All processing of personal data is regulated in the General Data Protection Regulation (GDPR). Personal data processing can be everything from data collection, registration, storage, and processing, to sharing, dissemination, and deletion of personal data.
All processing of personal data shall be made according to the fundamental principles in Article 5 of the General Data Protection Regulation. The personal data shall, for instance, be processed in a lawful, fair, and transparent manner in relation to the data subject. The data may be collected only for specified, explicit, and legitimate purposes, and may not at a later time be processed further in a way that’s incompatible with these initial purposes. The controller (typically the HEI) shall be responsible for and able to demonstrate compliance with these principles (accountability).
- Lawfulness. To process the data in a lawful manner means that there must be a lawful basis for processing them.
- Fairness. To process the data in a fair manner means that the processing must be proportional. You may not process more data than is necessary for your purpose.
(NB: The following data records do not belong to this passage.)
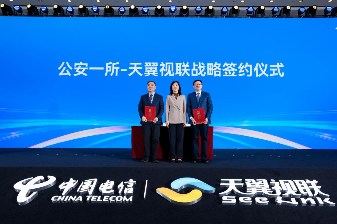 论坛上,公安部第—研究所与天翼视联公司进行战略签约,双方将聚焦视频安全领域持续创新,共同构筑坚实可靠的视频安全屏障。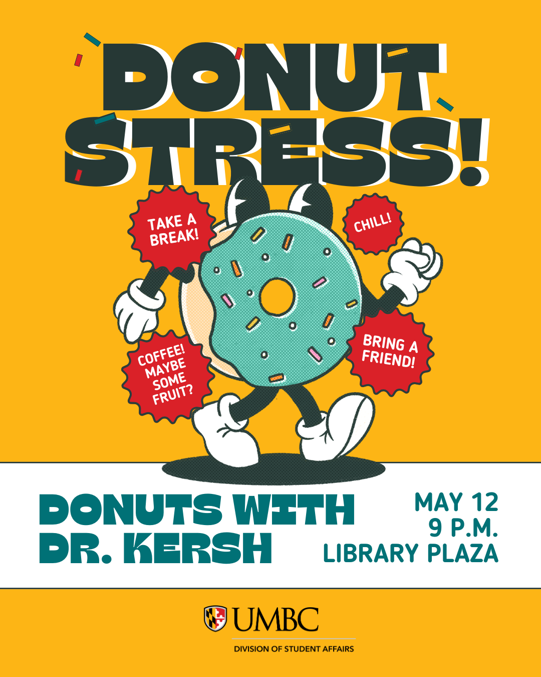 Donuts with Dr. Kersh. Donut stress. Take a break! Donuts with Dr. Kersh. Chill. Grab a snack. Bring a friend. May 12 at 9 p.m., UMBC Library Plaza Attached Flyer for Donut stress. Take a break! Attached Image for Donut stress. Take a break! Posted: May 6, 2025, 8:11 AM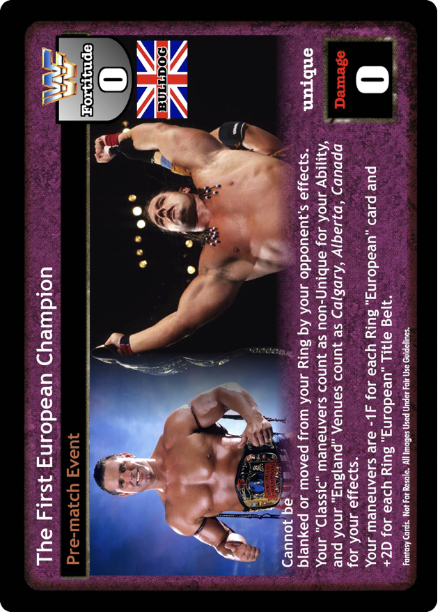 Cannot be blanked or moved from your Ring by your opponent's effects. Your maneuvers with 'classic' in the title are considered non-Unique for your Ability. Your maneuvers are -1F for each card with 'European' in the title in your Ring; when WWF European Title Belt is in your Ring, your maneuvers are +2D.

- Transparency. To process the data in a transparent manner means that you shall inform the data subjects of the processing in concise and plain language.
Contact the data protection officer if you want to know more about personal data processing in your HEI. You can read more about the fundamental principles on the Swedish Authority for Privacy Protection website.
Lawful bases for personal data processing in research
All processing of personal data must be based on one of the lawful bases for processing mentioned in Article 6 of the General Data Protection Regulation. For authorities such as HEIs and universities, it is almost exclusively the lawful basis of public interest in personal data processing for research purposes. As HEIs have a legal obligation to carry out research, the processing of personal data is necessary for the performance of a task carried out in the public interest, which is then the lawful basis for the processing.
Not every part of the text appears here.